How Max Scherzer is preparing for the 1st season with Mets
Although things have gone sour between MLB and MLBPA, regarding their negotiations for a new CBA, players have no choice but to continue preparing for the 2022 season on their own until they receive the green light to show up for spring training.
And Mets star pitcher Max Scherzer is not excluded from this group. Scherzer, who is a member of the MLBPA’s executive subcommittee, has been involved in talks with league owners. But unfortunately, little progress has been made, which means that the scheduled date for the arrival of pitchers and receivers at camp on February 16 is now seriously in jeopardy.
Either way, Scherzer is drawing on the lessons he learned from the start of the pandemic, when MLB and the MLBPA clashed over the terms of a shortened season. Whenever the lockout ends, Scherzer plans to show up for spring training ready to go, as he did nearly two years ago when the season was pushed back to late July.
“Yeah, I’m just gonna go for it. I’m just gonna strengthen my arm. I don’t know to what capacity. I don’t know how long the lockdown is going to last,” Scherzer told Tim Britton Athleticism. “But if COVID has shown us anything, it’s shown us that you’re just as much in danger not throwing as you’re throwing. I’d rather just go out and build my arm and be ready at all times, that way whenever the lockdown ends, it’s much easier to move into spring training then.
“I don’t want to sit idle and do nothing until we end the lockdown. I feel like that would be trying to speed up too quickly then. It’s easier on your body if you’re already at a high level of pitching. My my body is used to pitching for eight months when you factor in the playoffs. My routines and everything, I’m used to pitching for eight months.
While a regular spring training usually lasts about six weeks, players normally need about a month to prepare for the regular season.
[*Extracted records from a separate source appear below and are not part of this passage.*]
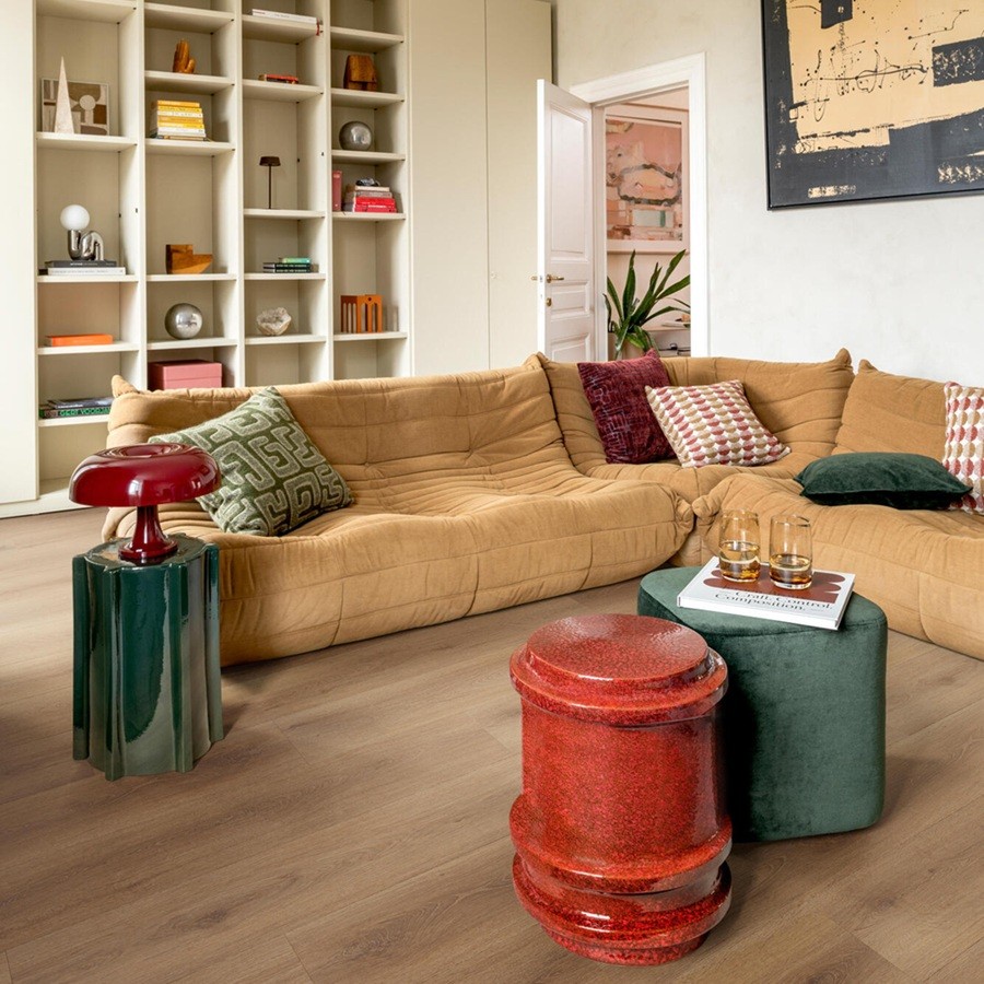 Het onderhoud van de Terra-plankvloer is eenvoudig en efficiënt. De gesloten, slijtvaste toplaag voorkomt dat vuil en vocht in het materiaal trekt, waardoor regelmatig stofzuigen en af en toe licht dweilen voldoende is om de vloer in topconditie te houden. Hierdoor is de vloer ideaal voor gezinnen, huisdieren en drukbezochte ruimtes, waar praktisch onderhoud en hygiëne belangrijk zijn.
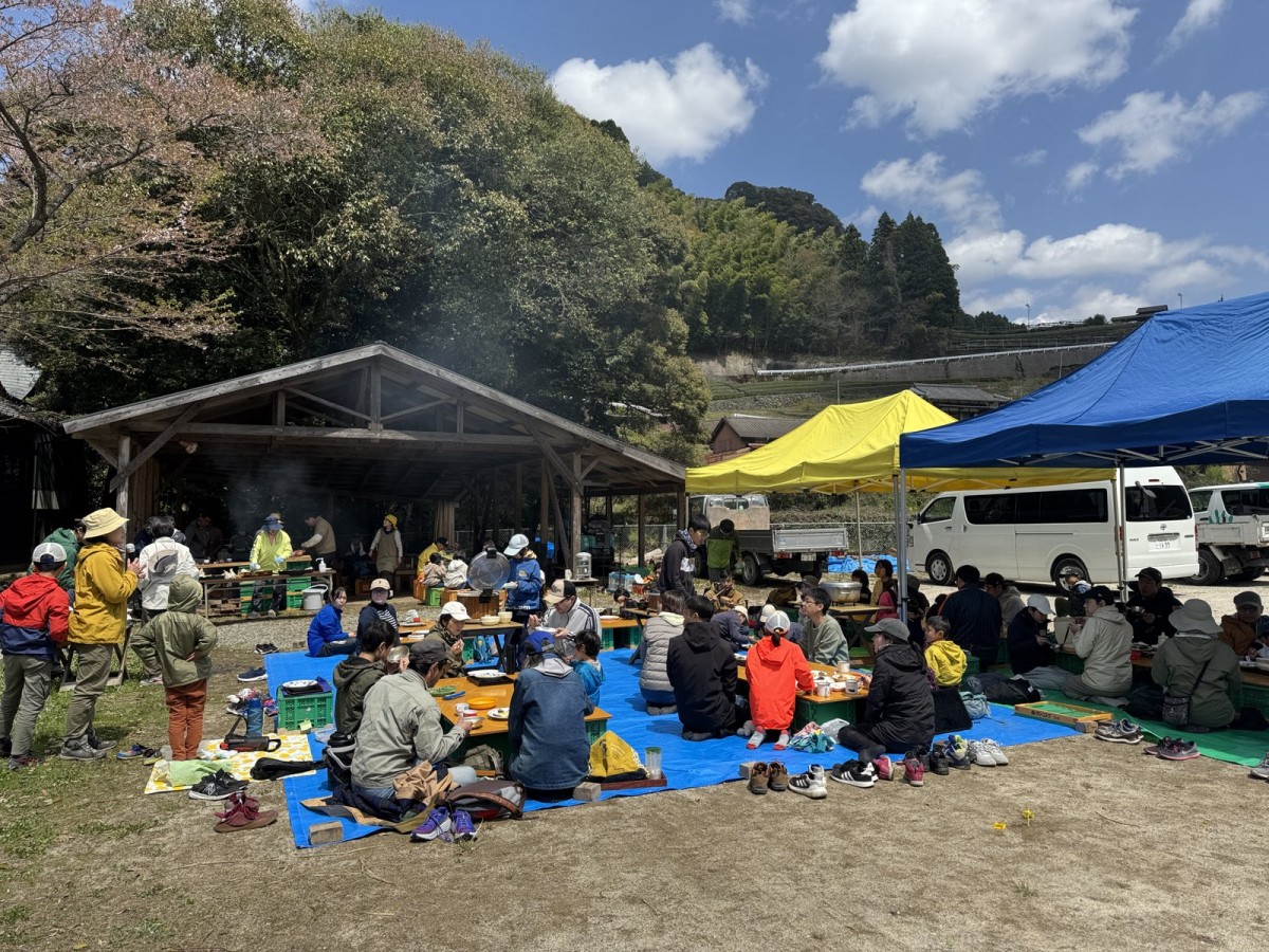 お昼は山の幸たっぷりのごはんを囲み、
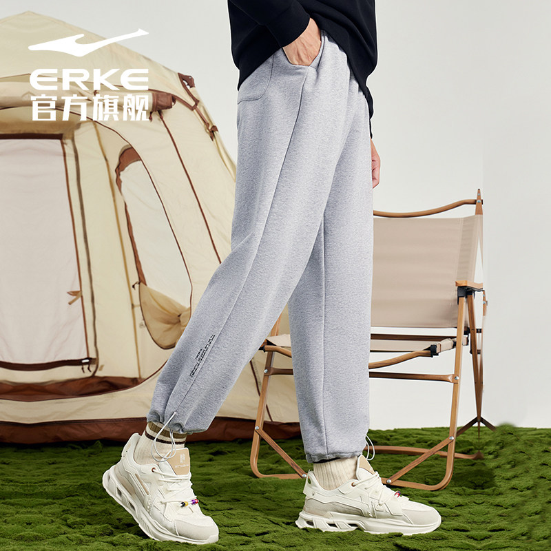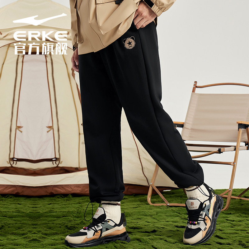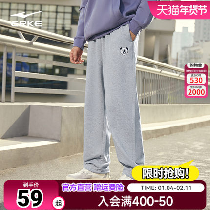 鸿星尔克休闲裤男秋季直筒宽松运动裤男士抽绳针织裤熊猫卫裤男子

The start of spring training is set to be delayed to some extent, but the two sides still have three weeks to reach an agreement before the 2022 campaign risks being pushed back.
“What 2020 has shown us, when we only launch three or four months, that’s not always a good thing,” Scherzer said. Athleticism. “That rest wasn’t necessarily good for everyone. There could be a lot of dangers because of that. For me, looking at that lockdown, that’s what it is. From the point of view of training, I prepare for it no matter what.”
Scherzer was unable to make his scheduled start for the Dodgers in Game 6 of the 2021 NLCS due to a dead leg. However, he believes this is due to his new team giving him an extra day off between outings.
Scherzer, 37, threw just 67.1 innings during the shortened 2020 season, then came back to throw 195.3 last year (including the playoffs). But Scherzer doesn’t believe that jump had too much of an impact on him since his arm was built from pitching over a long period of time.
“Yeah. I didn’t have any risk factors telling me that going back to 200 or 220 rounds was going to be a major risk factor for me because I had built my body over the years,” Scherzer said. “A year-old abnormality was going to mean less to me than a younger arm.”
That’s why Scherzer expects to top the 200 innings mark this year, something he was able to do for nine consecutive seasons from 2011 to 2019.
It’s a good sign for the Mets, who are counting on Scherzer and Jacob deGrom to be their workhorses at the top of the rotation in 2022. But deGrom dealt with his own injuries last season, which saw his historic campaign ending prematurely on July 7 following a partial UCL sprain/tear to the right elbow.
Beyond Scherzer and deGrom, veteran right-handers Carlos Carrasco and Taijuan Walker are behind them in the rotation. The No. 5 spot is currently expected to be a contest between Tylor Megill and David Peterson. But the Mets are expected to add another big league starting pitcher after the lockout ends.
The Mets could possibly look to sign a free agent like Carlos Rodón or Yusei Kikuchi, or explore the commercial pitcher market that could be made available, including Luis Castillo, Chris Bassitt, Sean Manaea or Frankie Montas.